I suspect that the SteinAir method is actually the Aeroelectric (Bob Nuckolls) method. He just didn't post a youtube video. What Stein's video doesn't show is that you can 'stagger' the pins by clipping each mating pair longer/shorter than its neighbor(s). When you do that, you can keep the overall joint diameter almost as small as the wire itself, and it will 'key' each mating pair by length.

To answer maus92's question, current capacity is measured by capacity per pin; not the number of pins. The machined pins are rated at around 7 amps each. Most of us limit them to around 5A each, but you can use multiple pins for higher current. The technique is to use 20 awg 'ballast' wires ~12" long on each pin, and collect them into a splice with the main (heavier) conductor. The ballast wires provide a method to terminate into the small barrel of the pin, and help balance distribution of the current among the common pins.

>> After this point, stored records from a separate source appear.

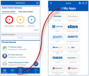 Step 3: Zenith will open to your Dashboard. Click My Apps from the left side-bar menu. All Application should appear in view , e.g. Qgenda, MIPS, Tableau.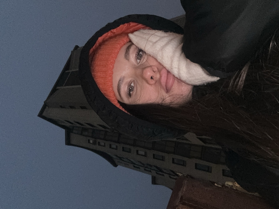 A low-angle close-up photograph captures a young adult female outdoors in Odintsovo, Russia, under dim, likely twilight or nighttime conditions. The subject, positioned in the lower right and center of the frame, wears a dark hooded jacket with the hood raised, partially obscuring her long, dark hair. An orange knitted beanie is visible beneath the hood. Her left hand, covered by a light-colored glove or mitten, rests against her left cheek, while her lips are pursed in a slight pout. Her eyes are open and directed towards the camera. In the background, a tall, multi-story building with a distinctive curved or angled facade and numerous rectangular windows rises against a dark blue-grey sky. The building appears dark due to the ambient light conditions.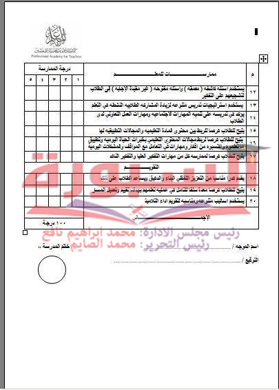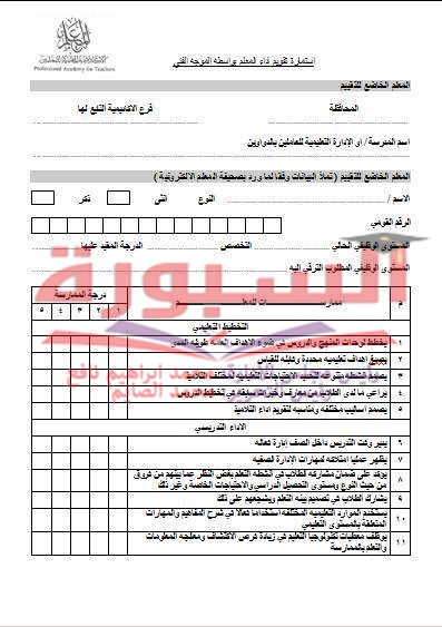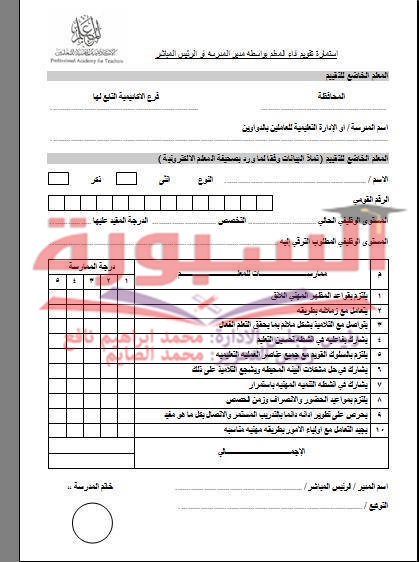 ننشر استمارتى تقويم الآداء ضمن ملف الترقيات لدرجة معلم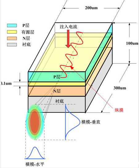 横模-水平:平行于有源层方向的模式;横模-垂直:垂直于有源层方向的模式;纵模:沿激光器输出方向的驻波模式;横模以TEMmn表征,m、n为为横模指数。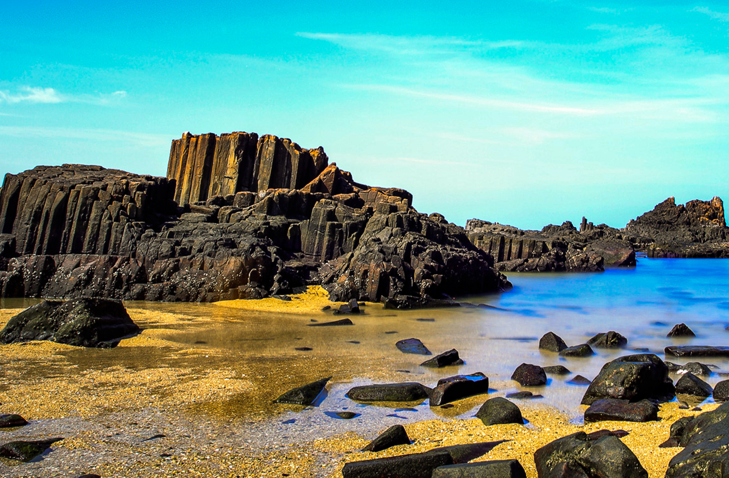 - St Mary’s Island(10 km): A National Geological Monument, St. Mary's Island is a quaint island just off the coast of Udupi. A 30-minute boat ride away from Malpe harbour, St. Mary's Island is a geological treasure and hosts some of the most beautiful beaches in the country. The island is around 300m long and 100m wide. It is famous for its unique salt rock formations. Due to this geological importance, St Mary’s Island is declared as a National Geological Monument. Watching the sunset standing on the crystalline rocks is one of the most alluring experiences on the island. St. Mary’s Island still bears the cross that was placed by Vasco Da Gama in 1498.

Note that for something like trim motors, it's not amp ratings that is likely to bite you. There's almost no power carried there (it will run off a 9V transistor radio battery), and most of the wires just carry 'signal'. At those low levels, joint resistance is the big enemy, and molex style connectors are not gold plated. The Dsub pins are gold plated, and tend to be much more reliable in less than ideal environments.

All the above is covered in the Aeroelectric Connection book, and on the Matronics list.

edit: As mentioned, there's wide variation in opinion about this style pin. It's worth pointing out that the primary reason mfgrs moved from soldered joints to crimped joints was not joint reliability of a properly soldered joint, or stress risers in soldered joints (crimped terminals have them, too). The reason was two-fold: it's faster to train a line worker to squeeze a ratcheting crimper until it releases than to train him in how to make a reliable solder joint, and it's faster during production runs to crimp a joint using a pre-insulated terminal than it is to solder and then insulate/strain relief. The reason I mention this is that, as stated here, many have problems making up these miniature molex style connectors properly, but few have problems with Dsub pins, which they must master for the rest of their avionics anyway. Why not go the the known-reliable components *and* techniques?

Charlie

Last edited by rv7charlie : 01-07-2017 at 11:54 AM.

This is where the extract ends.